» Raw data

────────

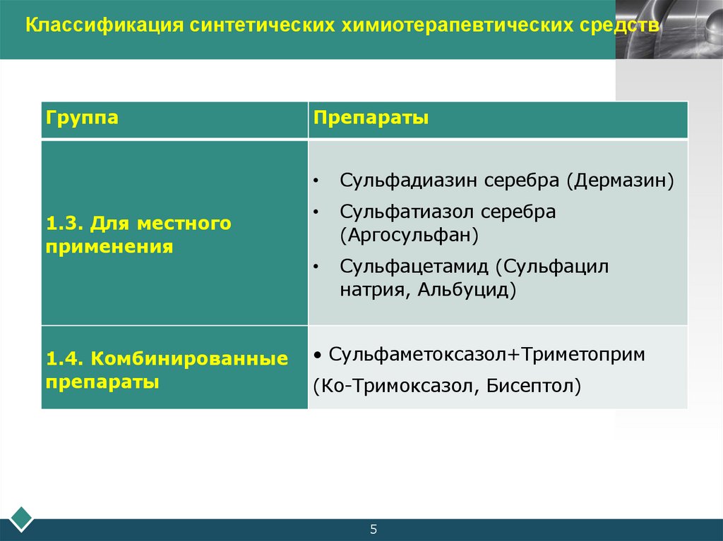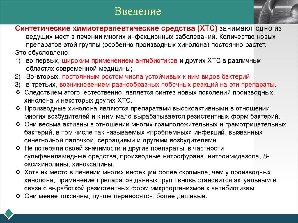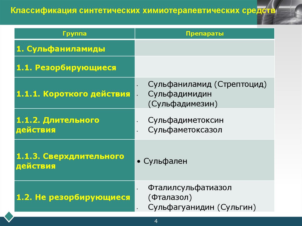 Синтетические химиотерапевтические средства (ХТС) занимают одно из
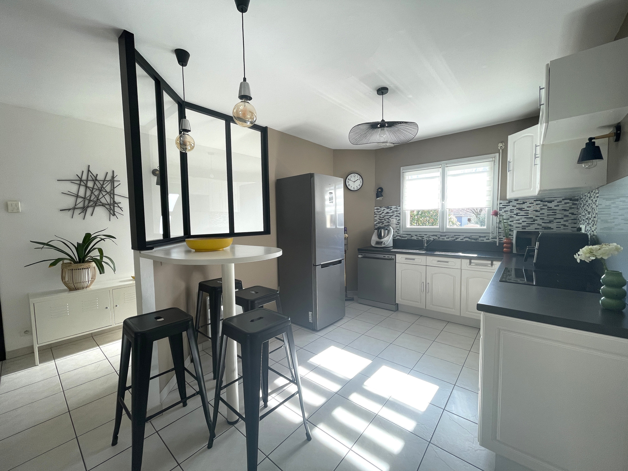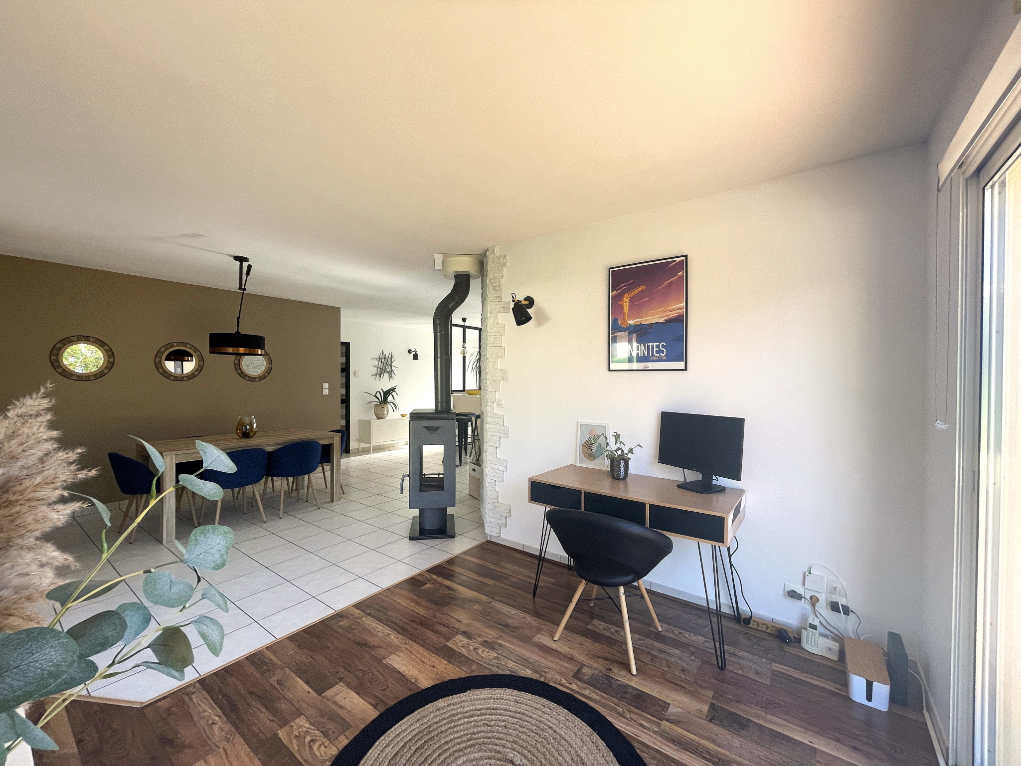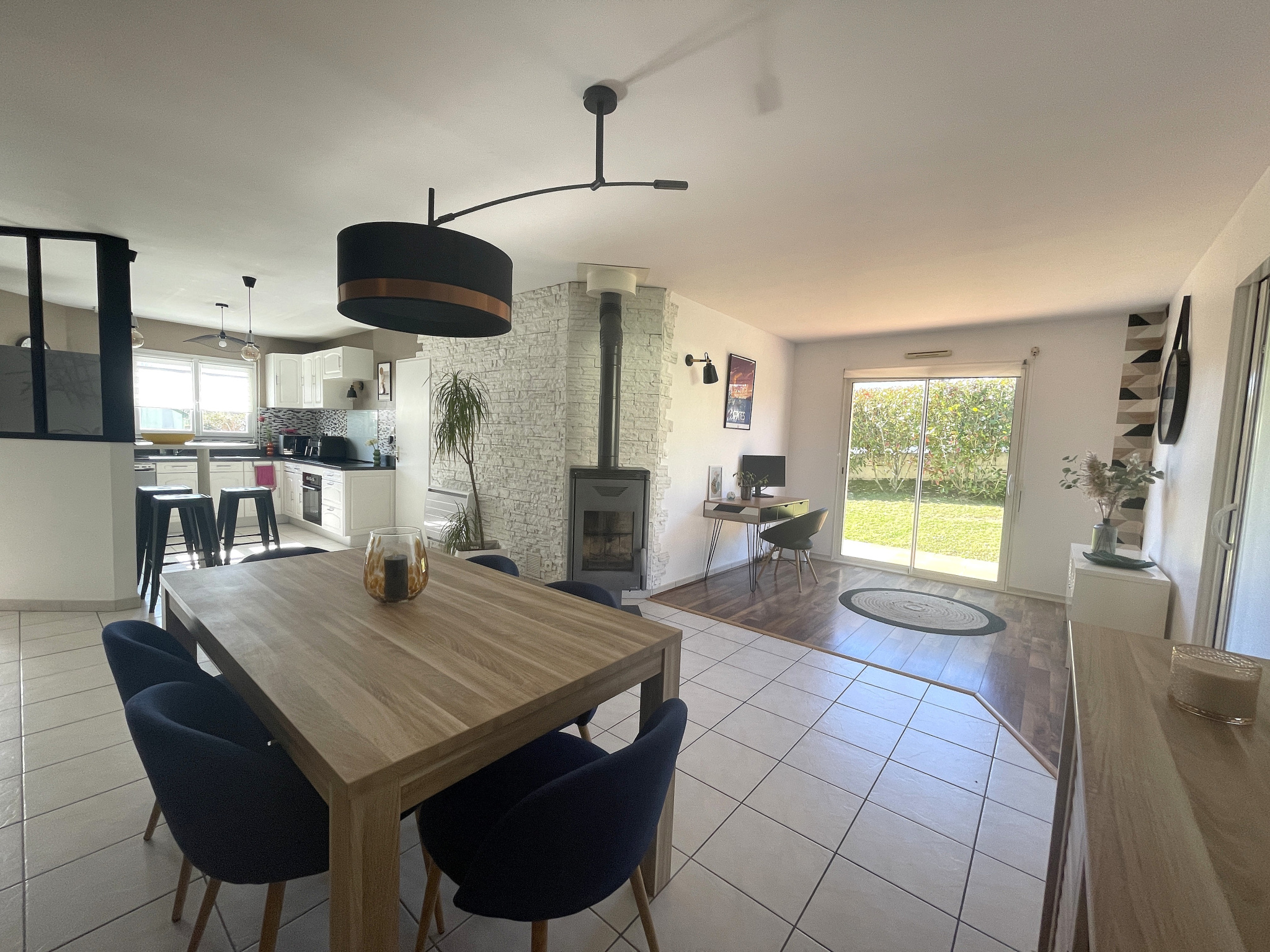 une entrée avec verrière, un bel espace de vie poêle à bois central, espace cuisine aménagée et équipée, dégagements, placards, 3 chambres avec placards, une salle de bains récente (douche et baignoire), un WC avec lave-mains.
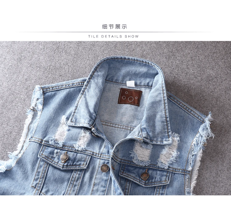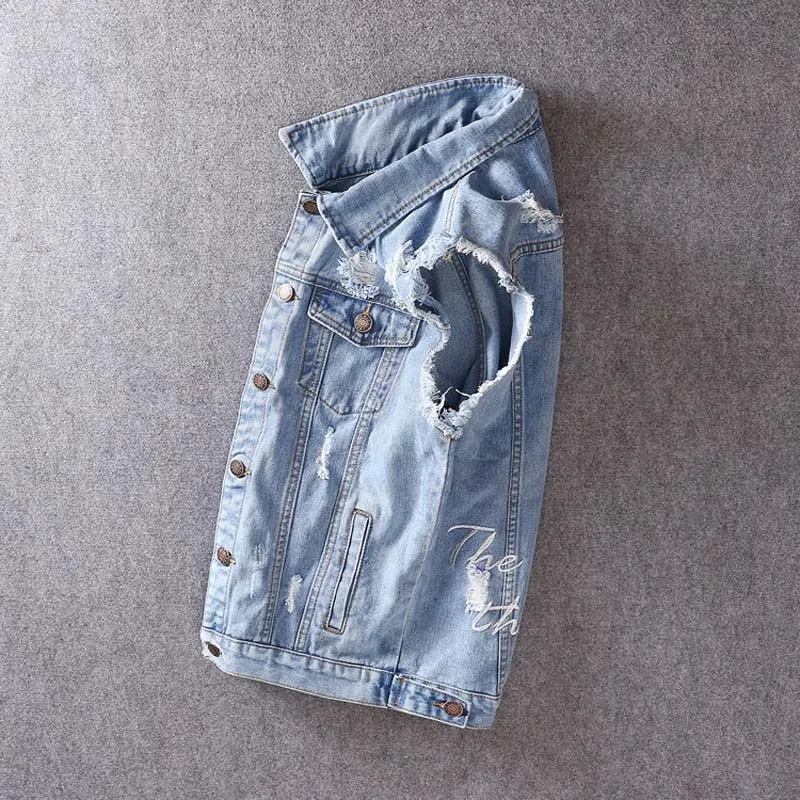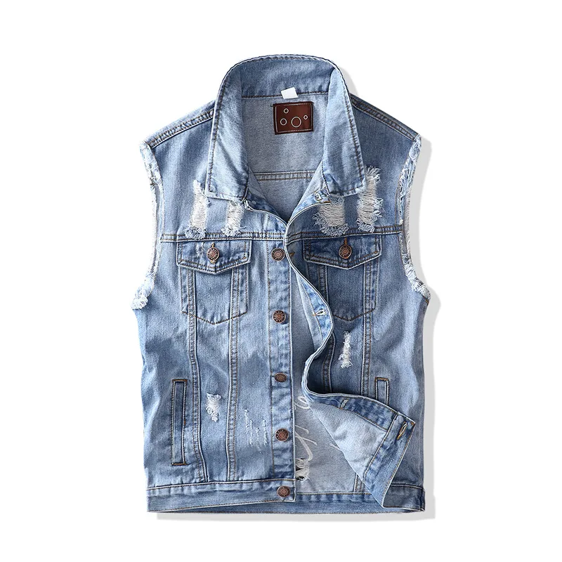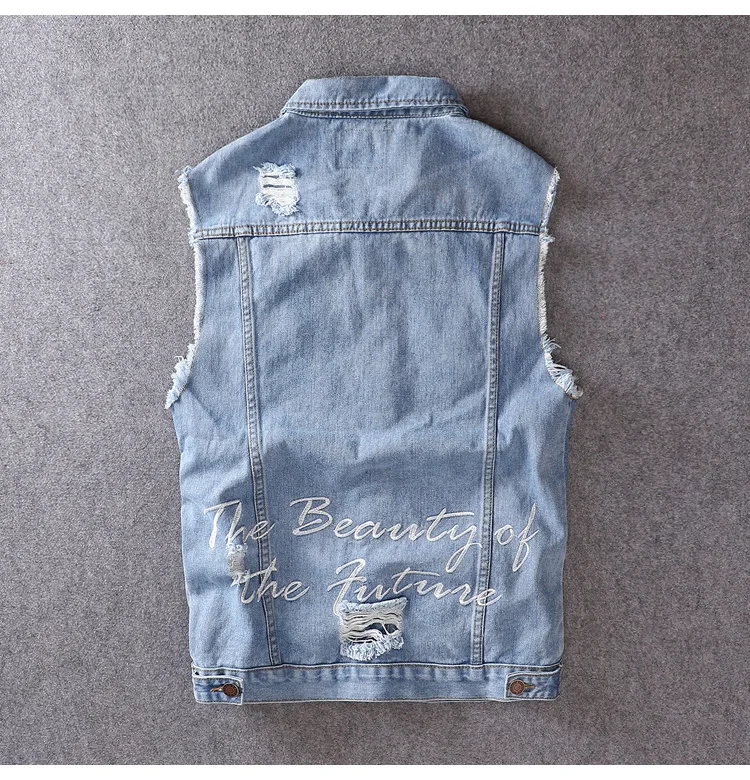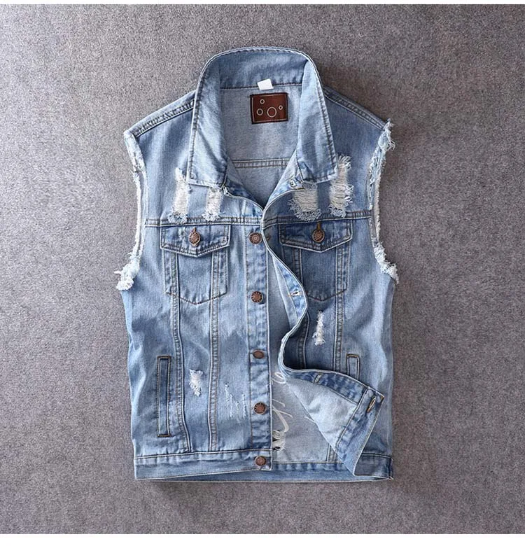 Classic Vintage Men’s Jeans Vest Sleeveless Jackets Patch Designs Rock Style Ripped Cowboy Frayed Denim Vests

────────

» What this task involves
Only the listing above, set down exactly and without pictures, belongs in the answer.

» Response
 Синтетические химиотерапевтические средства (ХТС) занимают одно из
 une entrée avec verrière, un bel espace de vie poêle à bois central, espace cuisine aménagée et équipée, dégagements, placards, 3 chambres avec placards, une salle de bains récente (douche et baignoire), un WC avec lave-mains.
 Classic Vintage Men’s Jeans Vest Sleeveless Jackets Patch Designs Rock Style Ripped Cowboy Frayed Denim Vests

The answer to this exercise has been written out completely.